WHAT IS BEING ASKED> Starting at the line that contains "The Live Auction" and stopping at the line that contains "Theatre students pause", transcribe every line of the material below exactly; pictures stay out.

SOURCE DATA>
-- Opening Marker --

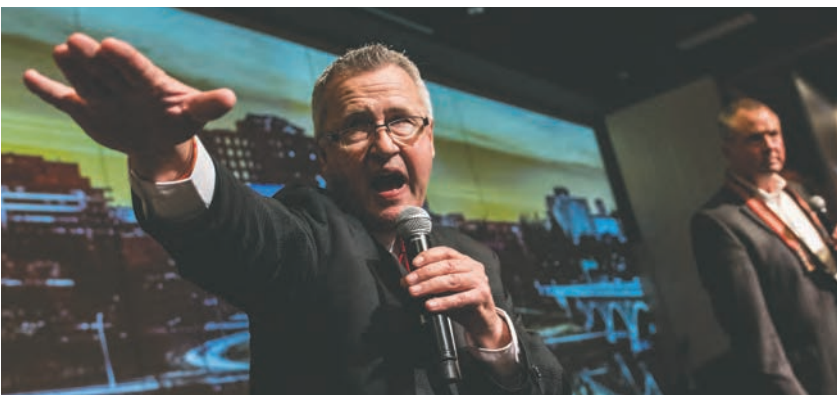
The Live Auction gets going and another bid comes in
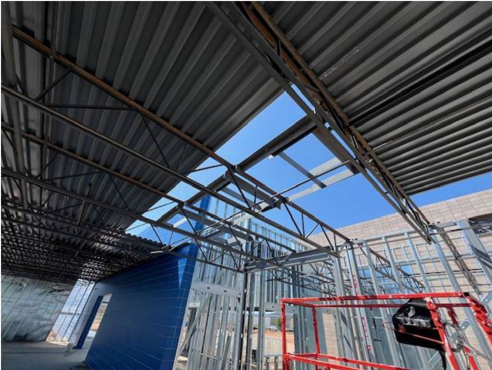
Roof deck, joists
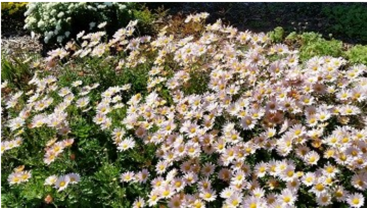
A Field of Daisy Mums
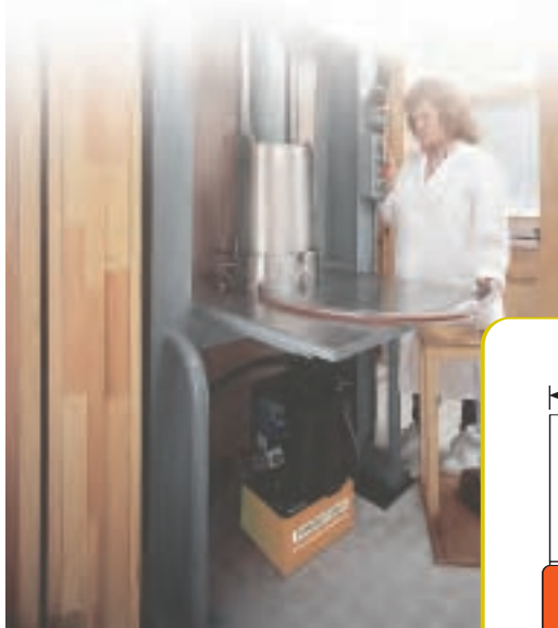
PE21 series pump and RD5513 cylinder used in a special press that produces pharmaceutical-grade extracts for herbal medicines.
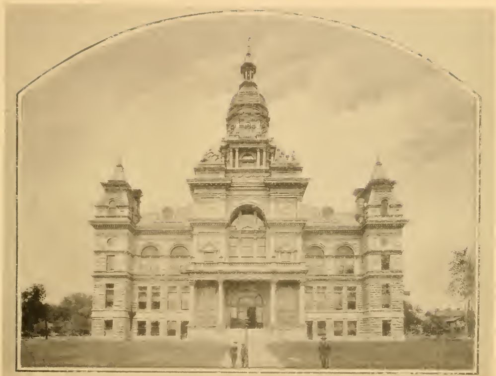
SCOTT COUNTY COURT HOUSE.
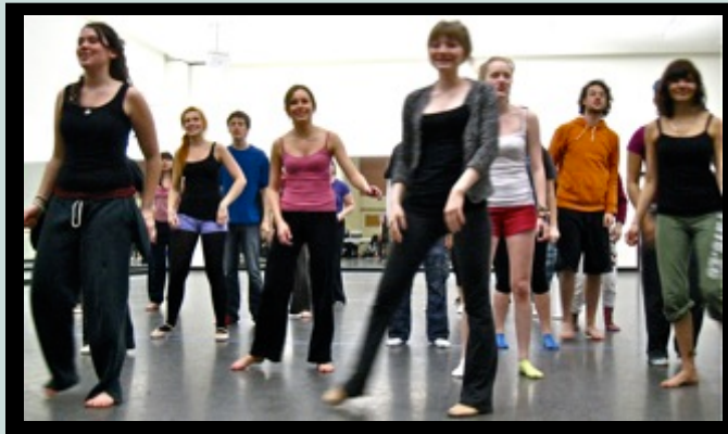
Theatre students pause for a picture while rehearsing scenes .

-- Closing Marker --
-- Opening Marker --

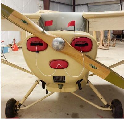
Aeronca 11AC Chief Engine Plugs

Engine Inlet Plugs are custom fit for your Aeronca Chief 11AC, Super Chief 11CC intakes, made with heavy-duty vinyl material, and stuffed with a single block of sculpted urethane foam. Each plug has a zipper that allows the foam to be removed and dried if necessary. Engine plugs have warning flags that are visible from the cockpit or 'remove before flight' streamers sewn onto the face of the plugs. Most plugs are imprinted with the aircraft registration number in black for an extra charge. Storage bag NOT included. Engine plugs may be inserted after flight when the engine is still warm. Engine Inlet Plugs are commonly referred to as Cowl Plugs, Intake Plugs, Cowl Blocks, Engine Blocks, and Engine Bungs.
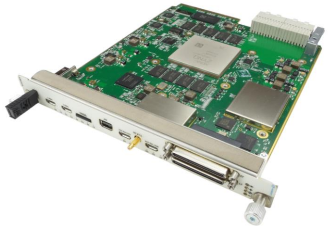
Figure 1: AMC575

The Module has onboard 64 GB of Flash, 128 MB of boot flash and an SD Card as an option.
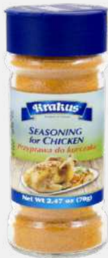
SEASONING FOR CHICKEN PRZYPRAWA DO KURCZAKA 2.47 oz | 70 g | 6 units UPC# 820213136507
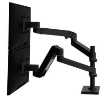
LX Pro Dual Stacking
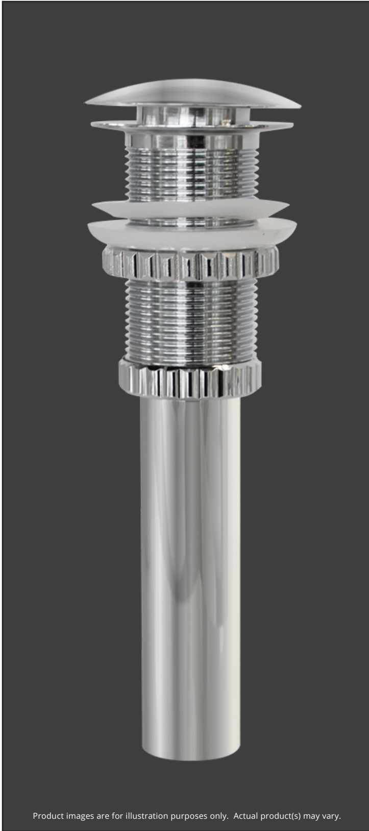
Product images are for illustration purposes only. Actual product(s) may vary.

-- Closing Marker --
-- Opening Marker --

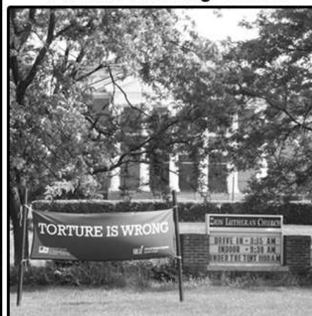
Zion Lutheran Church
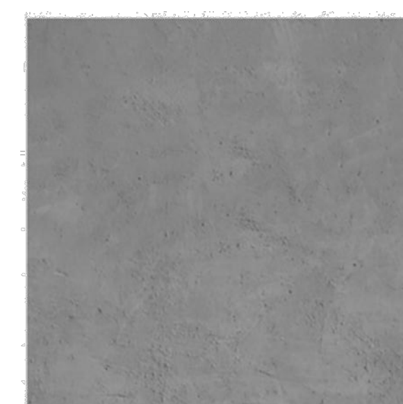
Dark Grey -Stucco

-- Closing Marker --

WRITTEN RESPONSE>
The Live Auction gets going and another bid comes in
Roof deck, joists
A Field of Daisy Mums
PE21 series pump and RD5513 cylinder used in a special press that produces pharmaceutical-grade extracts for herbal medicines.
SCOTT COUNTY COURT HOUSE.
Theatre students pause for a picture while rehearsing scenes .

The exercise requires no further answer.